LDS Video Game to Hit Shelves This Summer

SALT LAKE CITY — We’ve had Mormon musicians, musicals and movies. But this summer, the first ever LDS video game, “World of the Legend of Missionary’s Creed of Duty,” will be sold at Deseret Book.

The game’s premise follows a mech warrior, known as a “Missionary,” in a fantasy dystopia caught up in a brutal war. In the midst of the chaos, the objective is straightforward: “Invite others to come unto Christ by helping them receive the restored gospel through faith in Jesus Christ and His Atonement, repentance, baptism, receiving the gift of the Holy Ghost, and finishing the game.”


Sound simple?  This is as far from the Happy Wheels unblocked as we can get. The developers have designed plenty of obstacles and challenging scenarios to overcome.

Some of the most basic challenges involve avoiding slammed hydraulic doors, supersonic bike races to get back in time for curfew and maintaining low rage levels when your character is called “not Christian”. All of these obstacles will be complete with the help of a trusted sidekick, known as the “Companion”, and best elo boosting site. The most challenging aspects of the game occur at the end of each level when you enter the boss’s home and have to teach a lesson.

The arsenal of weapons for each Missionary include pass along cards, the sword of Laban and Nephi’s titanium bow and arrows. But the most anticipated weapon of all is the Book of Mormon, said to be the keystone of a player’s armory.  It will get you out of any tight situation and can be upgraded with highlighting, personal annotations, and cross-references; all done in-game.  The Navi-Ghost serves as a constant companion to give advice and direction.

One major complaint for this game is the lack of customization and the recent roblox hack that occurred.
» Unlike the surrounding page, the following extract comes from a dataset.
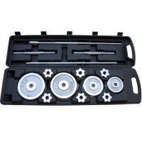 Набор с хромироваными дисками 50кг Комплект - штанга и 2 гантели В пластиковом чемодане Разборный гриф штанги - 1550мм 2 гантельных грифа Диски - 1,0кг - 4шт, 2,5кг - 6шт, 5кг - 4шт None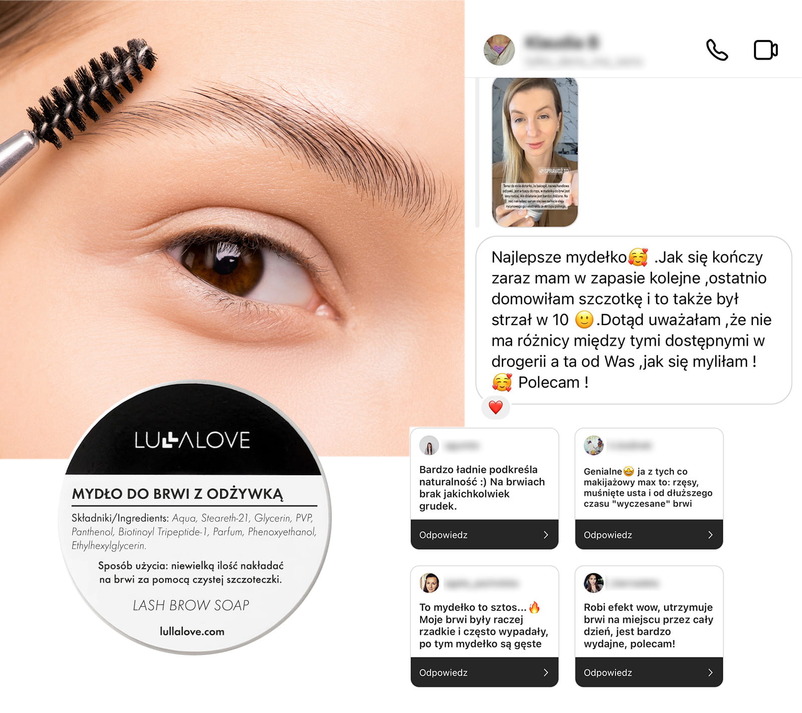 Daje piękny i naturalny efekt jakby laminowanych brwi, a składniki odżywcze wpływają na wzrost i kondycję brwi.

Top video games usually offer a variety of ways to decorate your character, but “World of the Legend of Missionary’s Creed of Duty” falls utterly short. Female avatars have a limited amount of styles and patterns to choose from, while the male avatars have virtually no customization—a few tie colors are all that can be changed. The developers justified this by saying that this is not the focus of the game.

“Since the game takes between 18 months and two years to complete, we wanted people to be more concerned with the gameplay, not the attire of their mech warrior Missionary.”